Dirty Harry #01 - Duel for Cannons

I’d put off reading this for nearly a year because I had a premonition that it wouldn’t be very good. I was right.

A vacationing Texas lawman gets gunned down in California, and “Dirty Harry” Callahan of the San Francisco Police Department thinks it was an assassination. It was indeed, and as Harry investigates further, a big conspiracy emerges involving an evil Texas businessman who’s got the whole San Antonio police department on his payroll, including its crooked chief. Those who don’t go along get killed by the businessman’s favorite assassin. Harry goes after them all, and you can guess how things end up.

The story has potential, and Dirty Harry is a terrific character, but somehow this book never got in gear for me. I didn’t care for the style of author Ric Meyers (using the name Dane Hartman), who writes as if he’s reading a screenplay and adapting it shot-by-shot into a novel. The result is that action sequences go on way too long, with lengthy descriptions of the physical landscape and details of each participant’s every motion. It’s always way more information than you need. For example, the book opens with the assassin killing that vacationing lawman. That simple sequence takes fourteen pages to describe.

Most of the story takes place in San Antonio, where Harry tries to rescue its last remaining honest lawman, who’s been kidnapped by the villains. This leads to a series of drawn-out gun battles in which nothing gets resolved. It also leads to Harry sleeping with the lawman’s worried wife (huh?), which I guess gives him something to do between gunfights. 

Weirdly, Harry then teams up with the assassin to invade the businessman’s mansion and kill him. After that battle, there’s a brief layover until the book’s final shoot-out, in which Harry and the assassin try to kill each other. This occurs at the Alamo, apparently after the tourists have gone home but before anyone locks up for the night, as Harry walks right through the front door for his gunfight appointment.

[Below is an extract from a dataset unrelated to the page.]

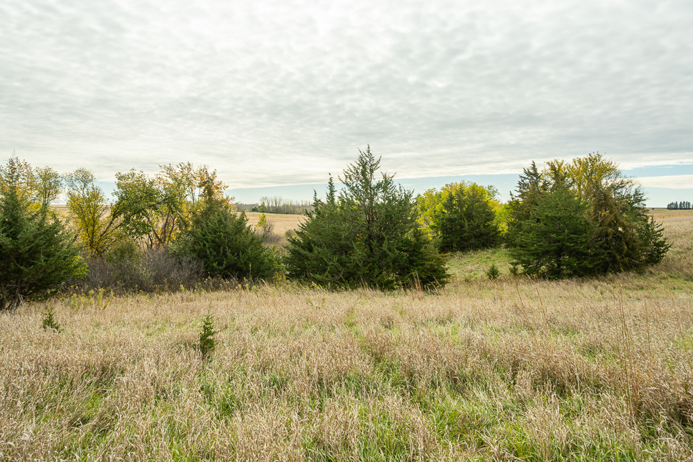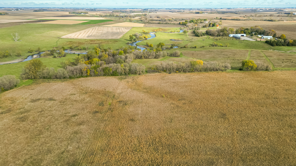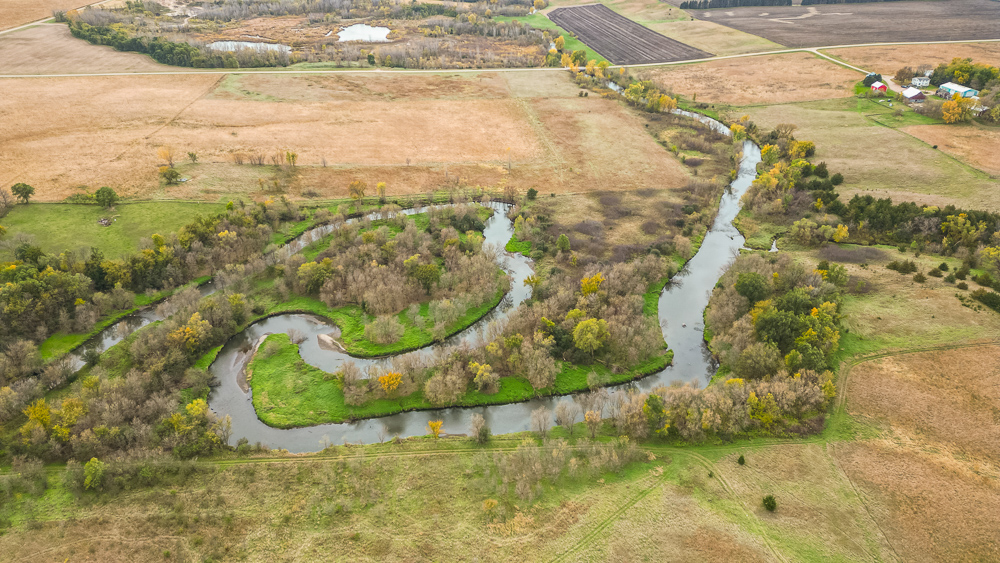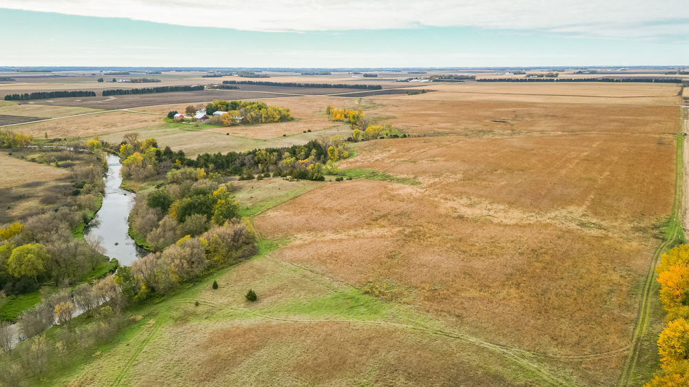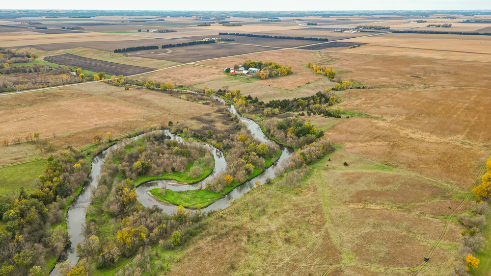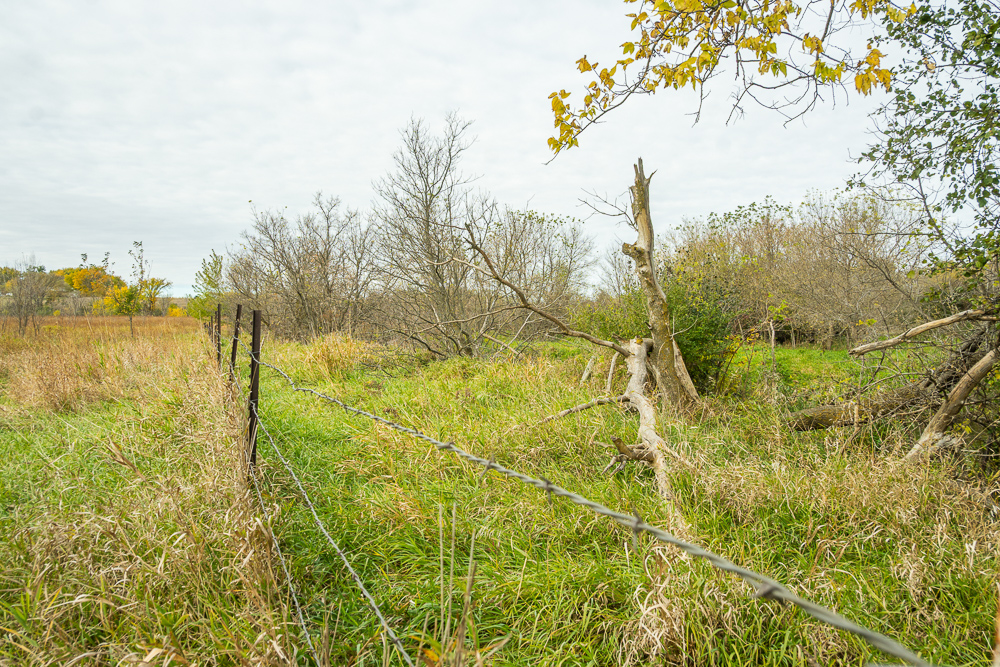 Beaver Creek meanders through the land, providing year-round water sources and natural travel corridors for wildlife. The east end features several ponds perfect for waterfowl, while the thick creek bottom, native grasses, and timbered draws provide excellent cover and bedding for deer, pheasants, and turkeys. A trail system allows easy access throughout, making it simple to manage habitat or move between stands. Surrounded by productive ag fields, this tract holds wildlife year-round and produces consistent action in every season.

What follows is a lot of shooting until the ammo runs low, and then we come to the one scene in the book that I loved. It’s a reversal of the famous scene in the original movie, in which Harry levels his Magnum at a cringing low-life and gives that little speech ending with “You have to ask yourself a question: do I feel lucky?” This time it’s Harry who’s looking up at that lethal barrel, and it’s a terrific scene. Unfortunately we have to slog through 98.5% of an uninspired book to get there, but at least there’s that.

1 comment:

  1. "Dirty Harry" was pretty uneven as a series, though enjoyable to read. Ric Meyers wrote the better stories. At a pulp convention, nearly four decades ago, one fellow said he met/knew the author of the other installments, but didn't remember the name. Writing to him didn't help, as he quickly fell out of touch with fandom. The best installments kept Harry in San Francisco, and not traveling the U.S. like Mack Bolan.